═══ Provided material ═══

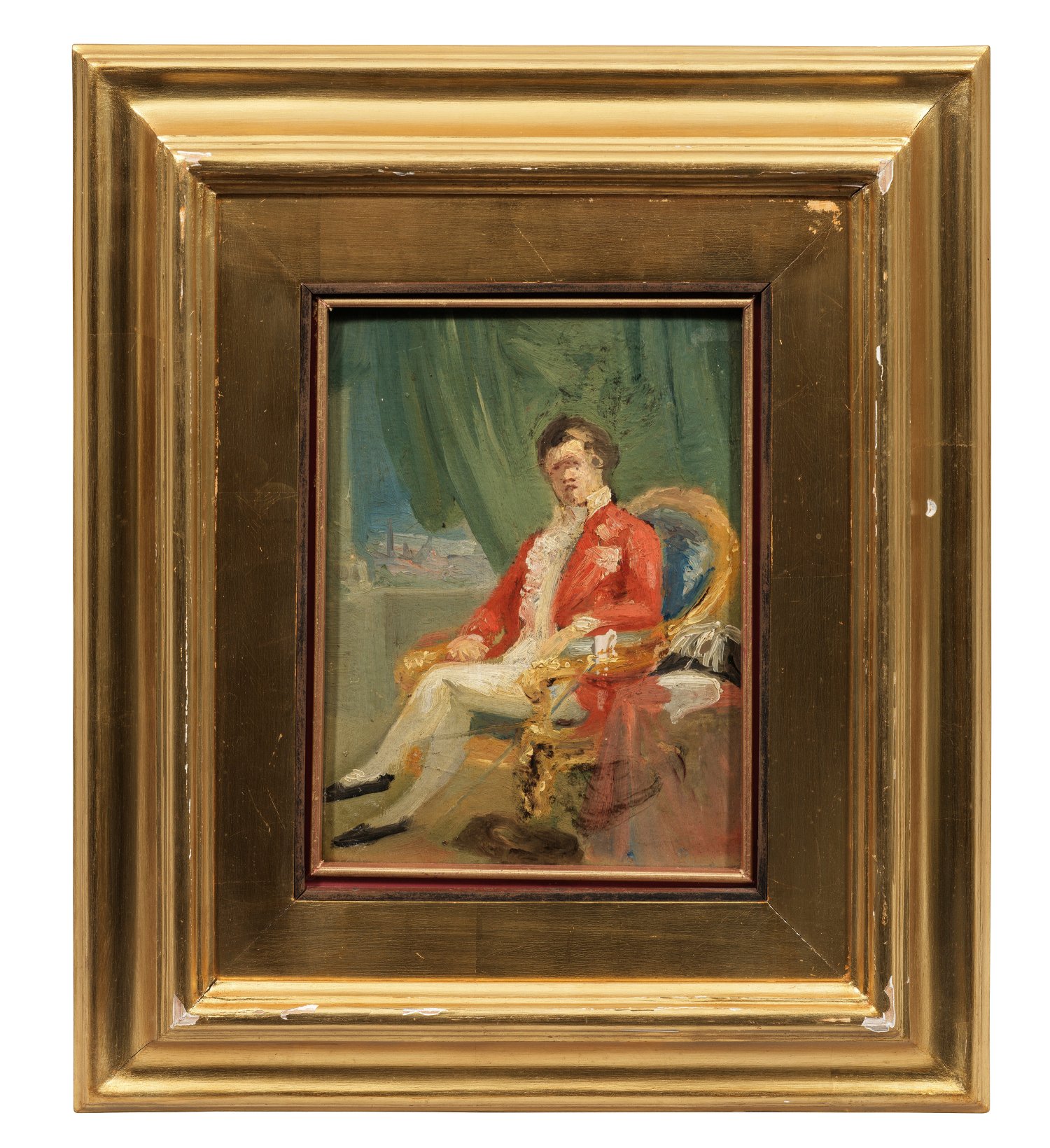 Mit lockerem, breitem Pinselstrich skizzierte, ganzfigurige Bildnisstudie eines Herren in Rokokokostüm, der vor einem schwerem Vorhang halb verdeckten Fenster in einem Fauteuil sitzt und den Betrachter selbstbewusst anblickt. Vito D'Ancona studierte ab 1844 an der Florentiner Akademie bei Guiseppe Bezzuoli. Zusammen mit seinem Künstlerfreund Serafino de Tivoli malte er Landschaften en plein air, war aber überwiegend als Porträtmaler tätig. D'Ancona verkehrte in den Künstlerkreisen des Caffè Michelangiolo. Öl/Karton. Verso von fremder Hand betitelt sowie auf div. Etiketten bez.; 23,5 cm x 17,8 cm. Rahmen.
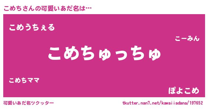 | 意味不明あだ名 | 『眠気覚ましガムこめち味』『自称こめち』 |
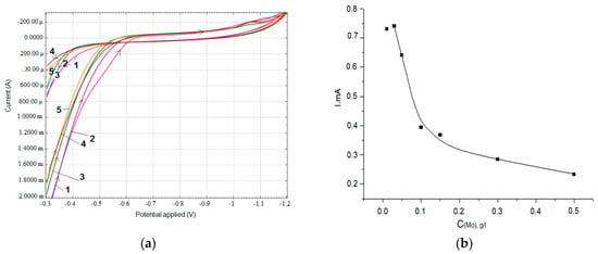 Volt–ampere curves of an iron electrode (a) and a change in the ionization current of the iron electrode (b) at different concentrations of Mo (VI). Electrolyte 0.3 M Na2SO4 + 0.2 g/L Zr (IV) + Mo (VI) (g/L): 1—0.1; 2—0.3; 3—0.5; 4—1; 5—1.5.
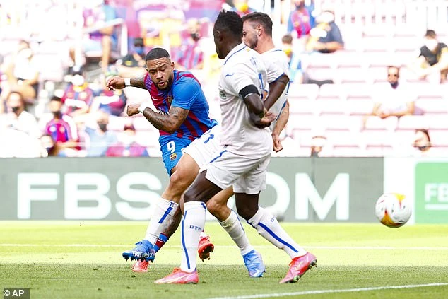 Depay dứt điểm góc hẹp, nâng tỷ số lên 2-1 cho Barca trong hiệp một. Ảnh: AP.
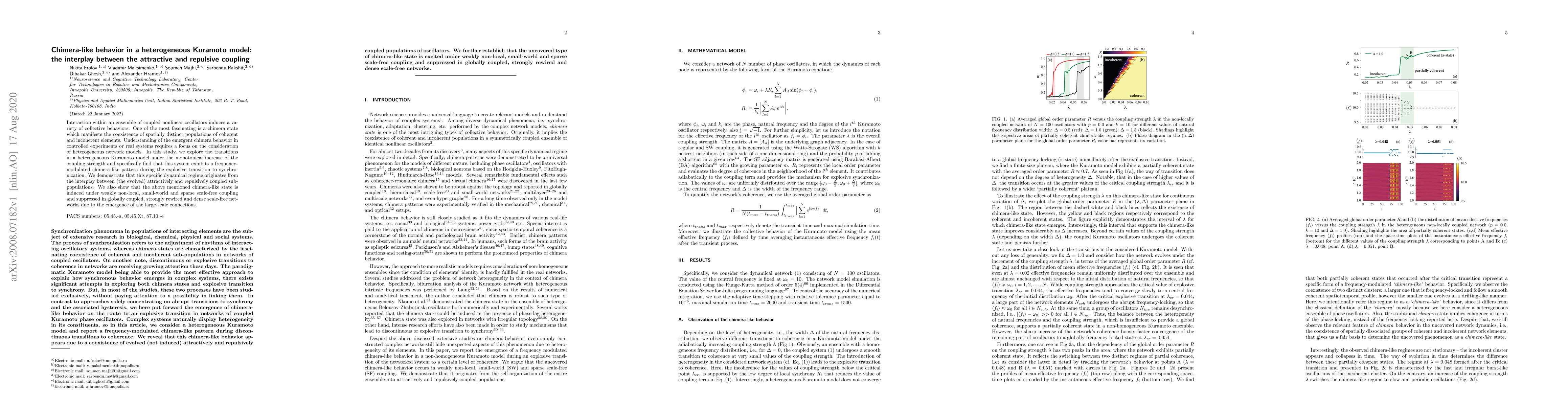 This study investigates the emergence of chimera-like behavior in a heterogeneous Kuramoto model, revealing a frequency-modulated pattern during synchronization transitions. The observed dynamical regime arises from the interplay between attractive and repulsive coupling, with chimera states induced by weakly non-local, small-world, and sparse scale-free networks.
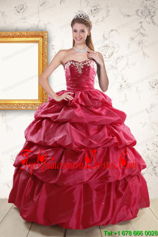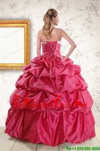 Appliques 2015 Beautiful Hot Pink Quinceanera Dresses with Lace Up
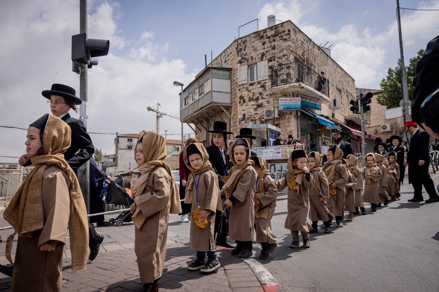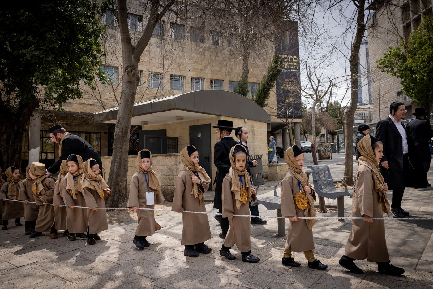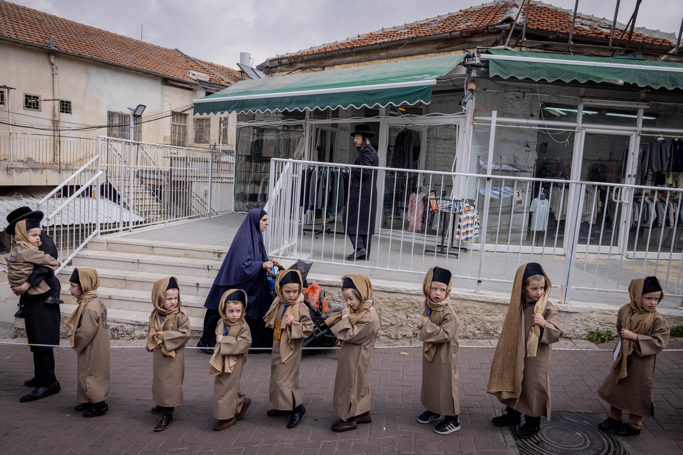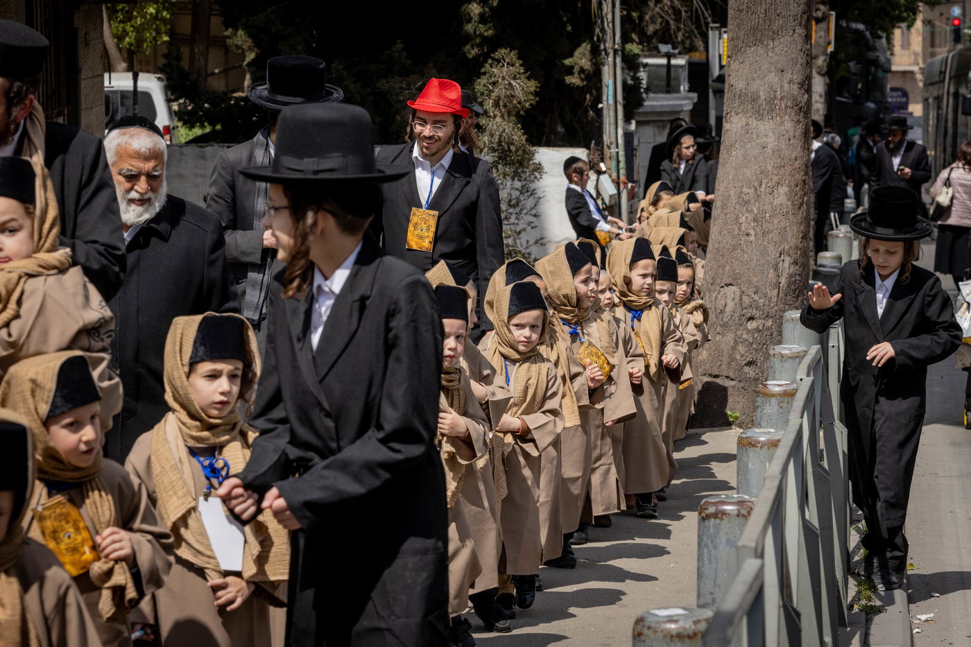 עם חן יהודי נסוך על פניהם, צעדו ילדי תלמוד תורה באיאן באזור כיכר השבת בירושלים, לבושים בתחפושת ייחודית ומקורית, המלבוש המיוחדת למקובלים מדורי דורות.
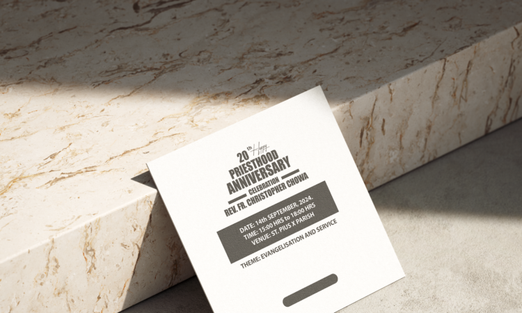Simple anniversary invite design. The invitation announces the 20th Priesthood Anniversary celebration of Rev. Fr. Christopher Chowa, that took place on 14th September, 2024 at around 15:00 to 18:00 hrs at St. Pius X Parish in Chililabombwe/Copperbelt, with the theme “Evangelisation and Service.” Invitation card designed by Theaomai Graphics team,...
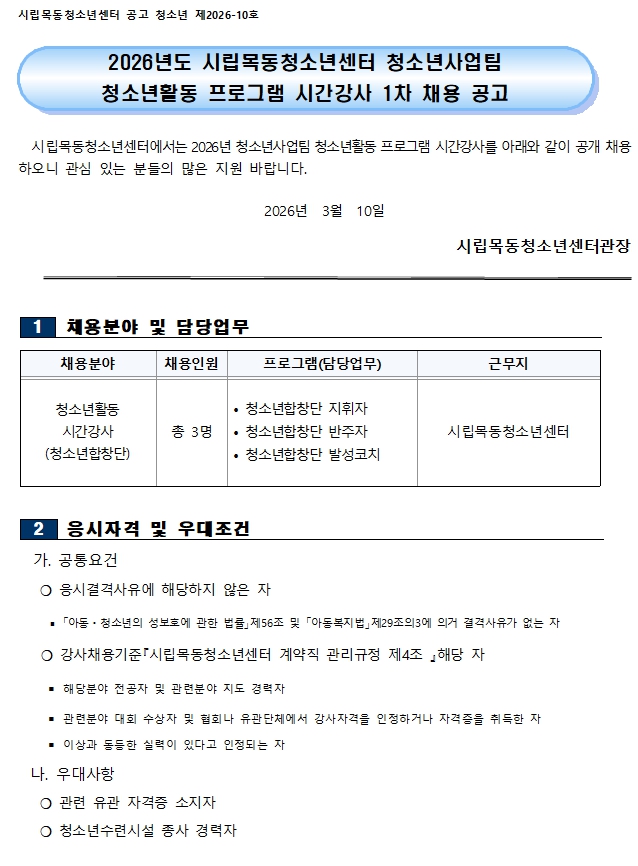 | ´ÙÀ½±Û | 2026³âµµ ½Ã¸³¸ñµ¿Ã»¼Ò³â¼¾ÅÍ Á÷¿øÃ¤¿ë ÃÖÁ¾ÇÕ°ÝÀÚ °ø°í(Ư¼ºÈ»ç¾÷ÆÀ-Á¤±ÔÁ÷, Æò»ý±³À°ÆÀ-°è¾àÁ÷) |

═══

◆ Work to complete: Copy nothing but the lines from the line holding "意味不明あだ名 | 『眠気覚ましガムこめち味』『自称こめち』 |" through the last line of the entries, exactly, while leaving out the pictures.

◆ Task answer:
 | 意味不明あだ名 | 『眠気覚ましガムこめち味』『自称こめち』 |
 Volt–ampere curves of an iron electrode (a) and a change in the ionization current of the iron electrode (b) at different concentrations of Mo (VI). Electrolyte 0.3 M Na2SO4 + 0.2 g/L Zr (IV) + Mo (VI) (g/L): 1—0.1; 2—0.3; 3—0.5; 4—1; 5—1.5.
 Depay dứt điểm góc hẹp, nâng tỷ số lên 2-1 cho Barca trong hiệp một. Ảnh: AP.
 This study investigates the emergence of chimera-like behavior in a heterogeneous Kuramoto model, revealing a frequency-modulated pattern during synchronization transitions. The observed dynamical regime arises from the interplay between attractive and repulsive coupling, with chimera states induced by weakly non-local, small-world, and sparse scale-free networks.
 Appliques 2015 Beautiful Hot Pink Quinceanera Dresses with Lace Up
 עם חן יהודי נסוך על פניהם, צעדו ילדי תלמוד תורה באיאן באזור כיכר השבת בירושלים, לבושים בתחפושת ייחודית ומקורית, המלבוש המיוחדת למקובלים מדורי דורות.
Simple anniversary invite design. The invitation announces the 20th Priesthood Anniversary celebration of Rev. Fr. Christopher Chowa, that took place on 14th September, 2024 at around 15:00 to 18:00 hrs at St. Pius X Parish in Chililabombwe/Copperbelt, with the theme “Evangelisation and Service.” Invitation card designed by Theaomai Graphics team,...
 | ´ÙÀ½±Û | 2026³âµµ ½Ã¸³¸ñµ¿Ã»¼Ò³â¼¾ÅÍ Á÷¿øÃ¤¿ë ÃÖÁ¾ÇÕ°ÝÀÚ °ø°í(Ư¼ºÈ»ç¾÷ÆÀ-Á¤±ÔÁ÷, Æò»ý±³À°ÆÀ-°è¾àÁ÷) |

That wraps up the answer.